Computer and Information Sciences Department, University of Delaware, 101 Smith Hall, Newark, DE 19716, USA.
IEEE/ACM Trans Comput Biol Bioinform. 2012 Jul-Aug;9(4):992-1001. doi: 10.1109/TCBB.2011.136.
We present a new computational method for predicting ligand binding residues and functional sites in protein sequences. These residues and sites tend to be not only conserved, but also exhibit strong correlation due to the selection pressure during evolution in order to maintain the required structure and/or function.
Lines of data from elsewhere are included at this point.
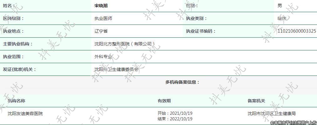 主要執(zhí)業(yè)機(jī)構(gòu):沈陽北方整形醫(yī)院(有限公司)
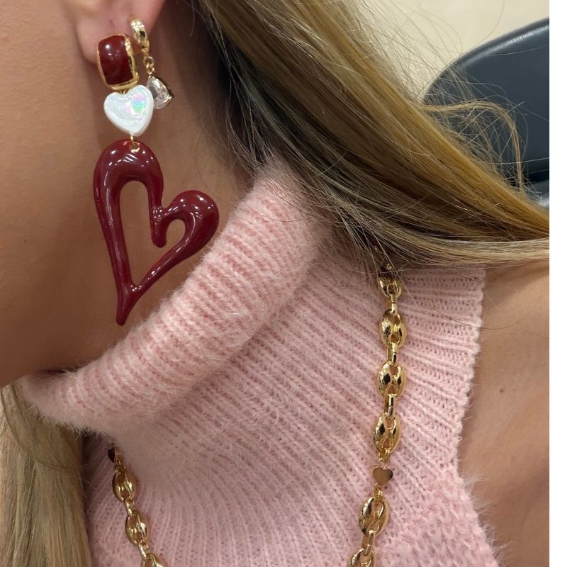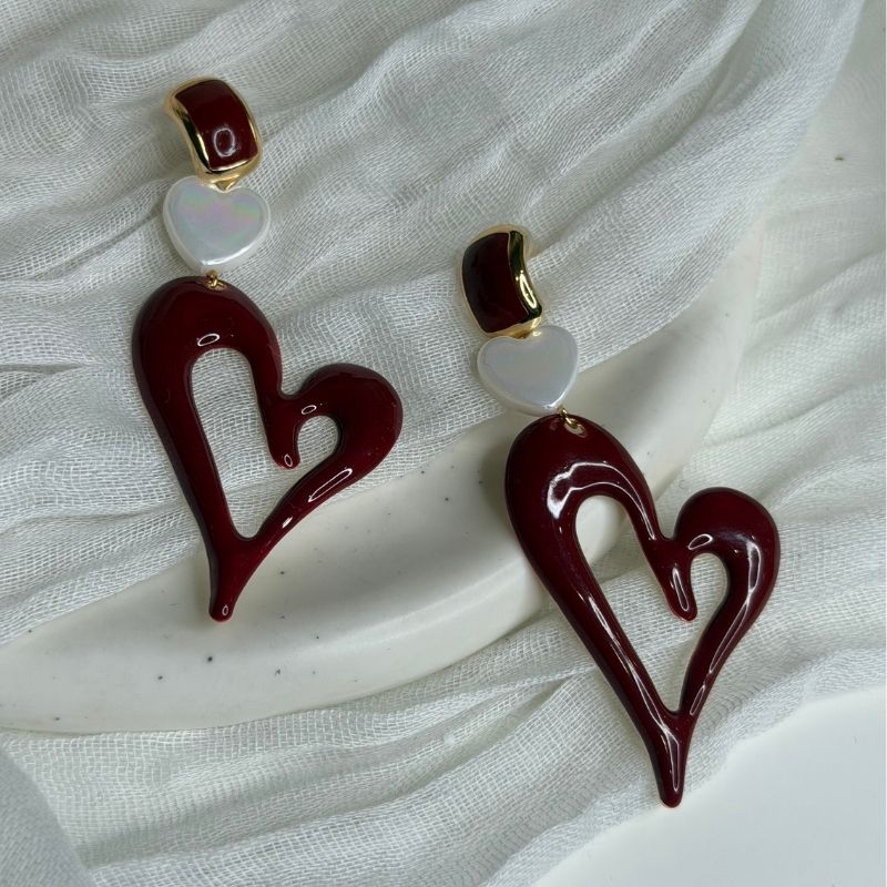 Χειροποίητα καρφωτά σκουλαρίκια με καρδιά απο πέρλα του γλυκού νερού, καρδιά απο μπορντό σμάλτο , λαμπερό ζιργκον και επιχρυσωμένη βάση
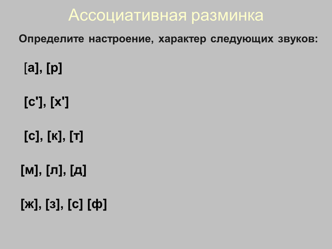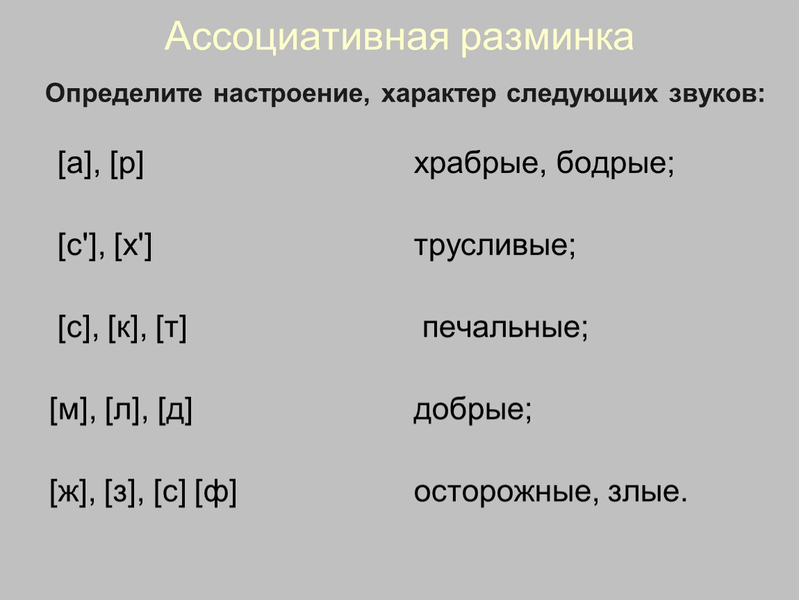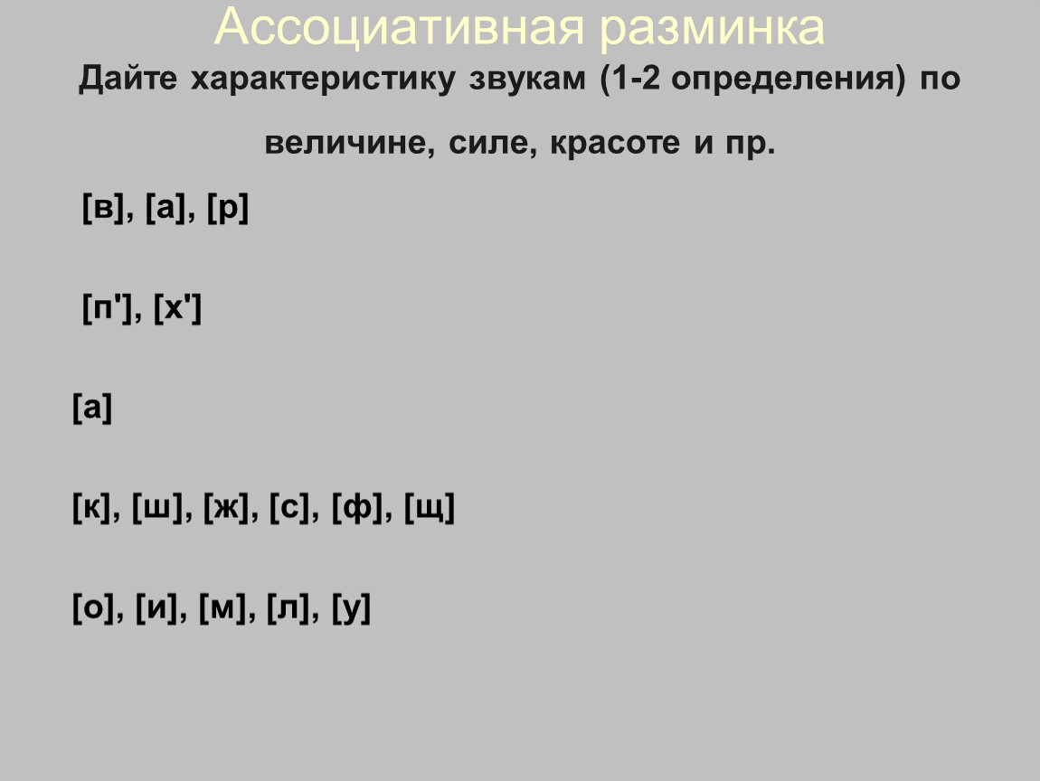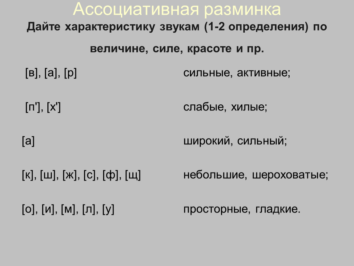 Ассоциативная разминкаДайте характеристику звукам (1-2 определения) по величине, силе, красоте и пр.
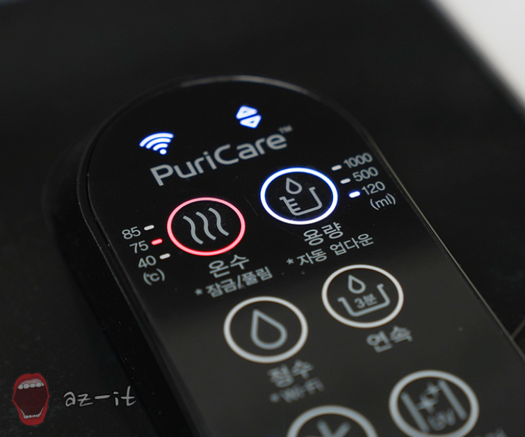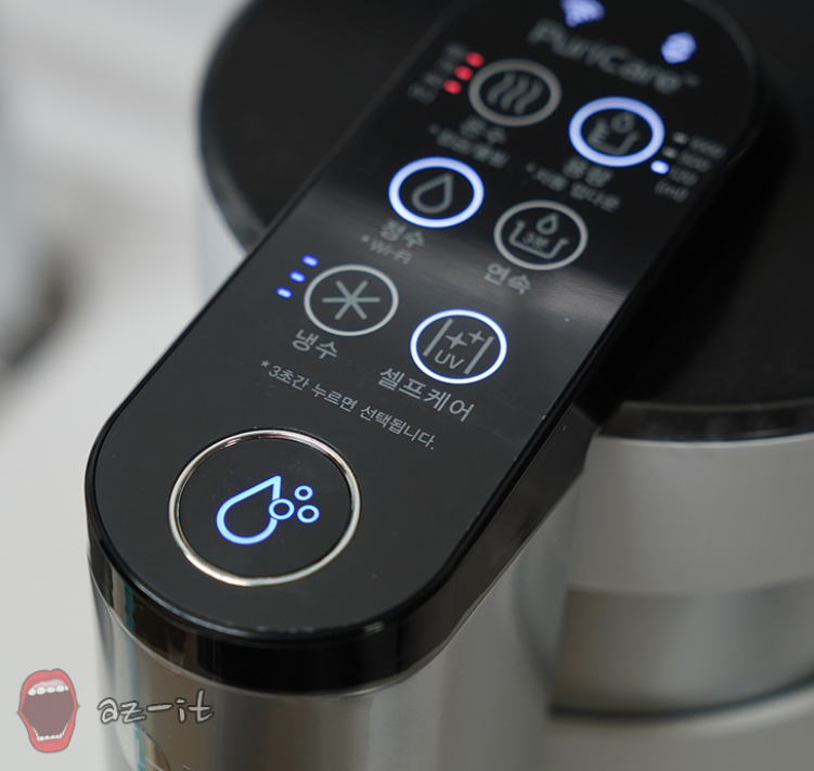 온수 기능이 잠겼다면 상기 영상처럼 버튼에 아무런 불도 들어오지 않고, 눌러도 소리만 날뿐 선택이 되지 않습니다. 이럴 때는 온수 버튼을 3초간 눌러주면 잠금이 해제되면서 온도 표시 불이 들어오고 온수 사용이 가능합니다.
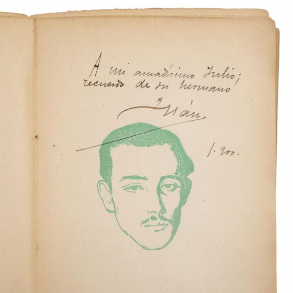 8º, cub. (fatigadas, con faltas marginales y lomera perdida) bl. + 7 h. + 114 pgs. + 5 h. + bl. Primera edición, muy rara. Dedicatoria autógrafa del autor "A mi amadísimo Julio [Pellicer]; recuerdo de su hermano, Juan. 1900".

To explore the effect of correlations among multiple positions in the sequences, the method uses graph theoretic clustering and kernel-based canonical correlation analysis (kCCA) to identify binding and functional sites in protein sequences as the residues that exhibit strong correlation between the residues’ evolutionary characterization at the sites and the structure-based functional classification of the proteins in the context of a functional family. The results of testing the method on two well-curated data sets show that the prediction accuracy as measured by Receiver Operating Characteristic (ROC) scores improves significantly when multipositional correlations are accounted for.
我们提出了一种新的计算方法,用于预测蛋白质序列中的配体结合残基和功能位点。这些残基和位点不仅趋于保守,而且由于进化过程中的选择压力,它们之间还存在很强的相关性,以维持所需的结构和/或功能。为了探索序列中多个位置之间相关性的影响,该方法使用图论聚类和基于核的典型相关分析(kCCA)来识别蛋白质序列中的结合和功能位点,这些位点的残基在进化特征与蛋白质功能家族结构功能分类之间表现出很强的相关性。该方法在两个精心整理的数据集上的测试结果表明,当考虑多位置相关性时,基于接收器操作特征(ROC)分数的预测准确性会显著提高。